Problem:
Restate word for word the entries below, starting at the line with "A PAIR OF BLACK" and ending at the line with "Imaginaros estaba que". Keep both end lines and omit the pictures.

Data in this exercise:
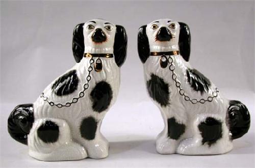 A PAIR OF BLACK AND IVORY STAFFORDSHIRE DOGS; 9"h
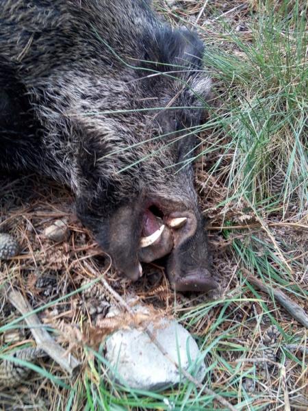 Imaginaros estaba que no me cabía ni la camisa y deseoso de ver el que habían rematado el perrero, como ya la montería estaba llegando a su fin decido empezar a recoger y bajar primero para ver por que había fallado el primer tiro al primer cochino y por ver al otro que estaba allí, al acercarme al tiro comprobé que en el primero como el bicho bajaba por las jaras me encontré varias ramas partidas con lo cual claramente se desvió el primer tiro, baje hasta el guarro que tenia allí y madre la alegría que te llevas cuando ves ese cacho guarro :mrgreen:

...

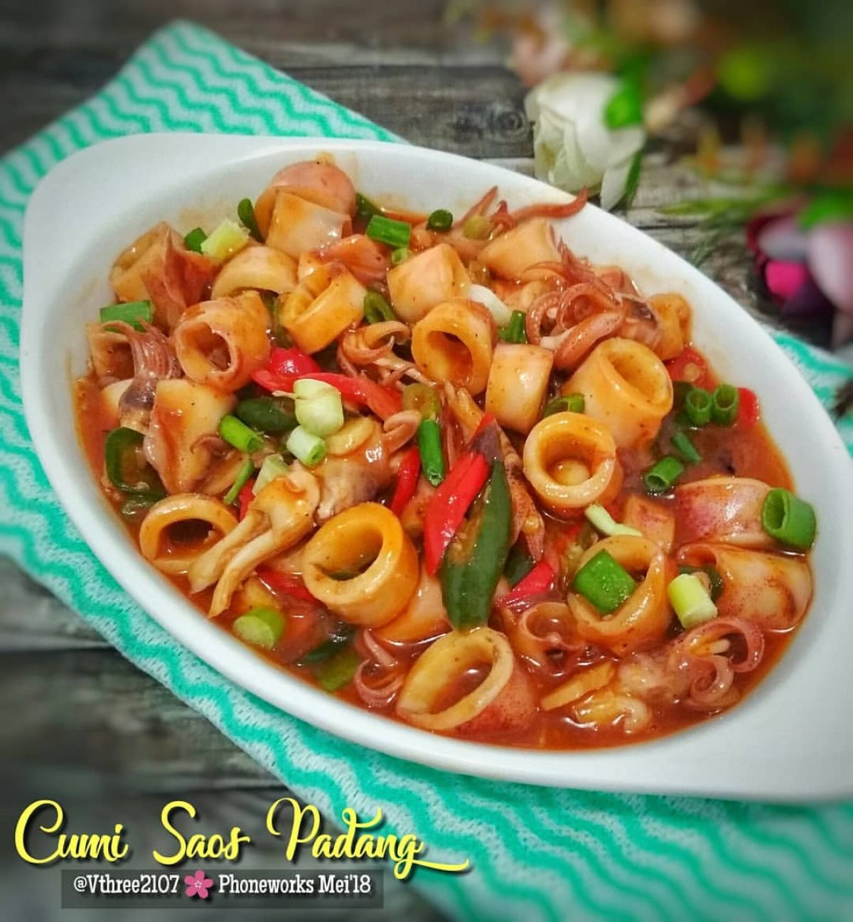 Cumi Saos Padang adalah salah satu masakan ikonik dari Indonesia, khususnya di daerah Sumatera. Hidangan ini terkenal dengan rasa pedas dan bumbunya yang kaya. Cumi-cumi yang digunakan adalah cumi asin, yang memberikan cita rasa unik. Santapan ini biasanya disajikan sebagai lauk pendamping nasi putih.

==

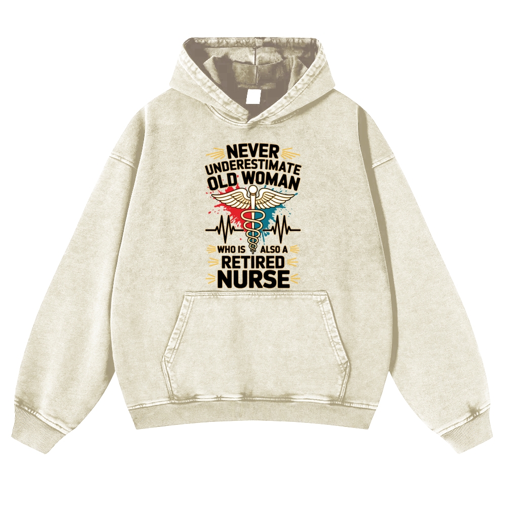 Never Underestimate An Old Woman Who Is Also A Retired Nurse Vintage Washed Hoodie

Result of the task:
 A PAIR OF BLACK AND IVORY STAFFORDSHIRE DOGS; 9"h
 Imaginaros estaba que no me cabía ni la camisa y deseoso de ver el que habían rematado el perrero, como ya la montería estaba llegando a su fin decido empezar a recoger y bajar primero para ver por que había fallado el primer tiro al primer cochino y por ver al otro que estaba allí, al acercarme al tiro comprobé que en el primero como el bicho bajaba por las jaras me encontré varias ramas partidas con lo cual claramente se desvió el primer tiro, baje hasta el guarro que tenia allí y madre la alegría que te llevas cuando ves ese cacho guarro :mrgreen:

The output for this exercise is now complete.